In Caplinger v. Medtronic, Inc., No. 12-cv-630, 2013 WL 453133 (W.D. Ok. Feb. 6, 2013), the district court rejected plaintiff’s argument that medical device claims premised on off-label promotion automatically escape express preemption under § 360k of the Medical Device Amendments (MDA) to the Food, Drug, and Cosmetic Act.

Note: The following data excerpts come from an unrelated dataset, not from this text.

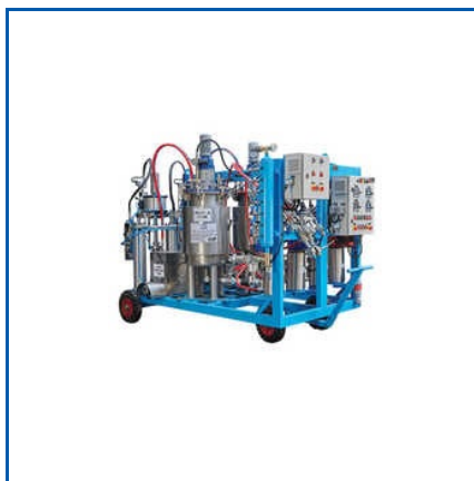
FIRE PROTECTION HIGH PERFORMANCE AIRLESS SPRAY SYSTEM
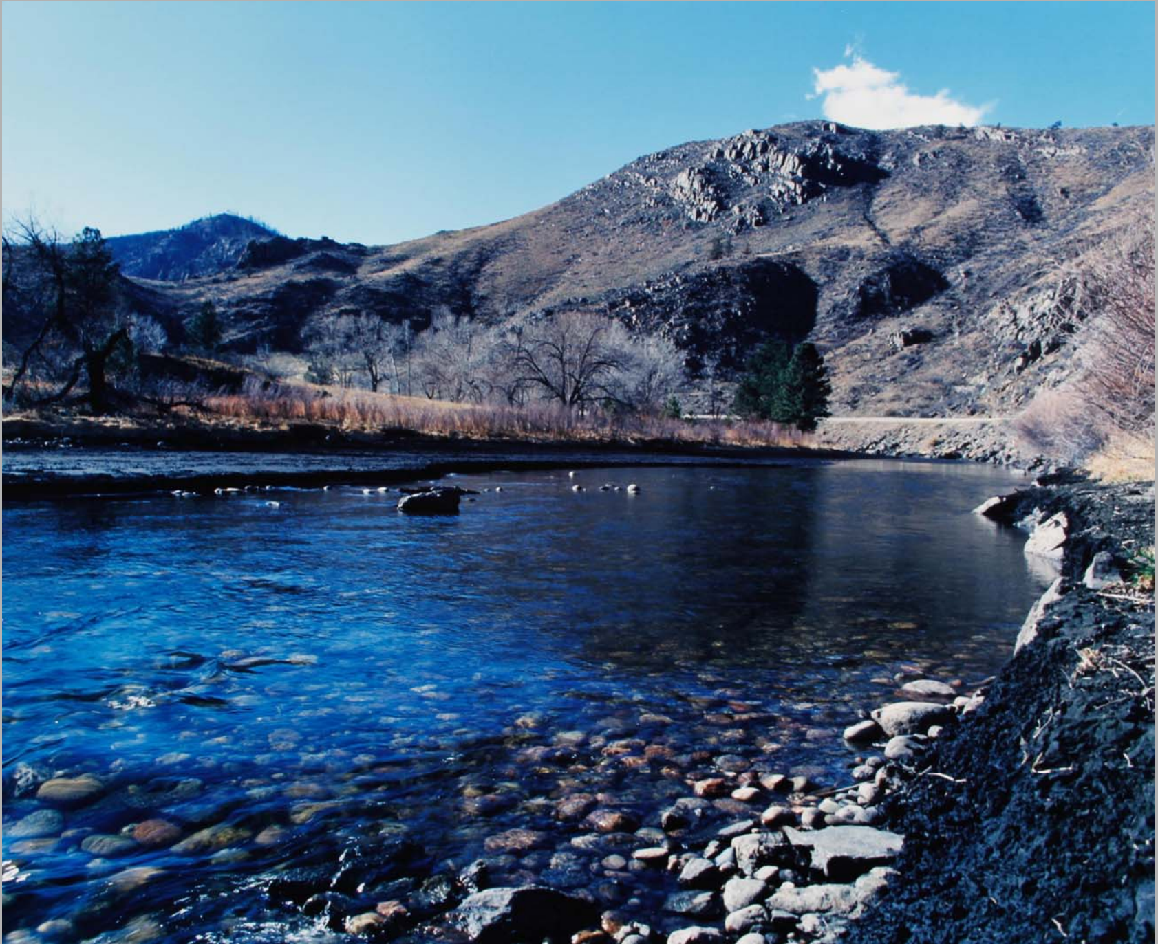
Figure 17: In the Bank 3.
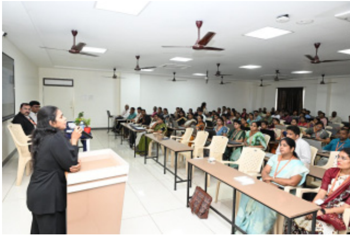
Gandepalli, June 2: A two-day Faculty Development Programme on "Google Artificial Intelligence Tools" commenced at the Department of

Information Technology, Surampalem. Deputy Pro-Chancellor said the programme aims to equip faculty members with practical knowledge of AI ap-
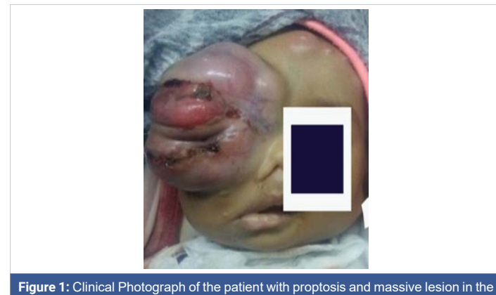
right eyelid 5 days after the imitation of chemotherapy.

unremarkable. Computed tomography (CT) scans showed a large irregular but well-circumscribed mass in the anterior and inferior of the right eyelid with retrobulbar extension (Figure 2), there was no lesion in the optic nerves and no metastasis suggestive of a malignant process. An incisional biopsy was taken directly overlying the tumor and a tissue sample was sent to Tikur Anbesa specialized hospital for histologic studies. The biopsy showed ill-defined aggregates of poorly differentiated malignant cells that are loosely arranged and separated into irregular ovoid spaces by thin fibrovascular septa (Figure 3). In this case, it was not able to perform an immunohistochemical examination.<sup>[]</sup> In addition to RMS, meningocele, orbital teratoma, hemangioma, and
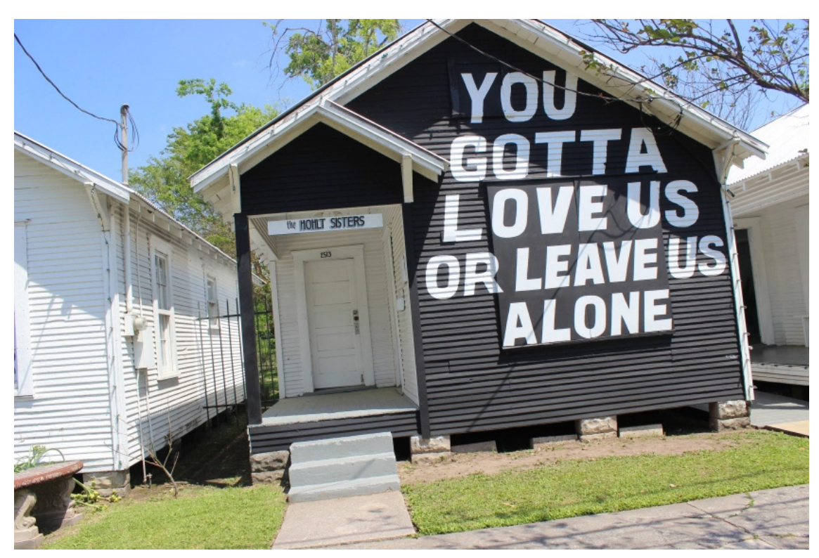
Image Credit: Project Row Houses: Round 46 (Black Women for Black Lives Matter), Houston, TX, 2017

Does Contemporary Art have the capacity to catalyze, counter, exploit, negate, amplify, or capitalize on the phenomenon of gentrification? Within other BLOCC modules, we have explored the correlation between an unregulated art market and the implied protocol of being an artist who is both untethered, yet bound to a series of unspoken codes and economic conditions which feed back into a compounding system of gentrification. In this module, we will discuss the creative strategies artists employ to generate artwork centering on the theme of gentrification and displacement. We will address the problematics of representing gentrification, the aesthetics of organizing as art, the efficacy of art as political tool, artist as developer, and the limits of creative production as proposition. Central to this module is the artwork and artist's positionality, which we will examine beyond the artist's good intentions.
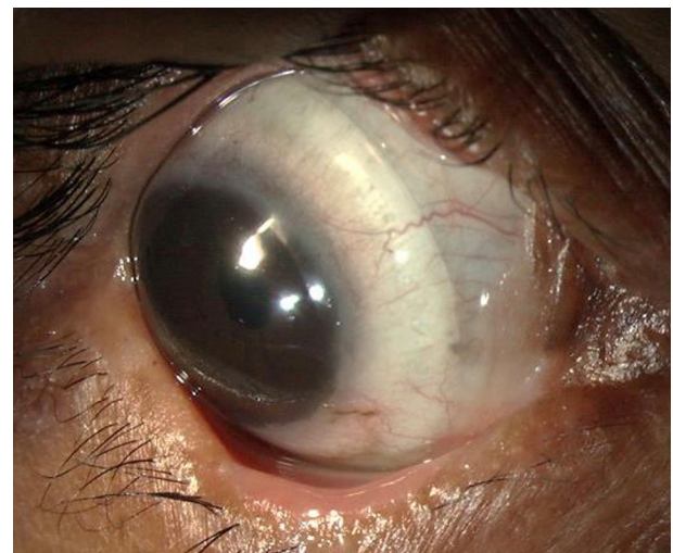
FIGURE 1 | Scleral lenses [prosthetic replacement of ocular surface ecosystem (PROSE) lenses] used for management of severe dry eye in a patient with chronic ocular sequelae post Stevens-Johnson syndrome/toxic epidermal necrolysis.

Subsequent studies from India by Basu et al. and Shanbhag et al. studied the natural history of LRK due to LMK and noted that definitive therapy in the form of MMG and PROSE lenses significantly improve BCVA and prevent development or progression of LRK when compared to conservative therapy in the form of topical medications (6, 7). A combination of MMG and PROSE lenses helped in maintaining and improving BCVA
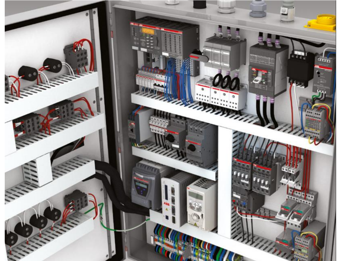
ABB Low Voltage Products
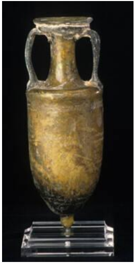
Title: Amphora Date: 300-350 CE Primary Maker: Roman, Eastern Mediterranean Medium: glass
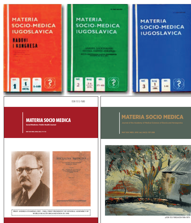
Figure 1. Cover pages of published journal from different periods

The journal in over ten years of its existence, has published more than 1000 scientific and professional papers, by very eminent experts in the field of Social medicine and health care organizations, most of which were presented at three conferences of Social medicine and health care organizations, including: Sarajevo in 1978, Belgrade in 1982 and Zagreb in 1988, and the annual meetings of Social Medicine, which have traditionally been organized on mountain Igman called „Igman Midterms of Social Medicine“ where was presented an average of 50 to 100 reports of experts in Social Medicine from the former Yugoslavia. Also, a few issues
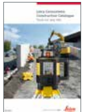
Construction Tools Catalogue
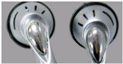
Ear Buds- 5 375
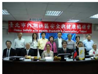
Neihu district in Taipei City

administrative office. For the visitors from Japan, members of Safe Community project kindly gathered and introduced their activities.

In rejecting this argument, the Court held that the federal requirements imposed by the pre-market approval (PMA) process for Class III medical devices applied to the device, rather than to a particular use: “nothing in § 360k(a) suggests that the preemption analysis somehow depends on how the device is being promoted to be used.” 2013 WL 453133, at *10. The Court thus held that off-label promotion allegations are subject to preemption under the MDA. The Court then held that plaintiff’s off-label claims were impliedly preempted under Buckman because they did not validly “parallel” a state law claim and were “not genuinely equivalent” to the state law duty to provide adequate warnings. 2013 WL 453133, at *10 n.4. Rather, the Court stressed, “the concept of ‘off-label use’ is a creature of the FDCA, is defined by the FDCA, and is not a part of Oklahoma substantive law.” Id. at *11.

Courts are divided on this issue but Caplinger will be helpful precedent for medical device manufacturer defendants arguing preemption of off-label claims.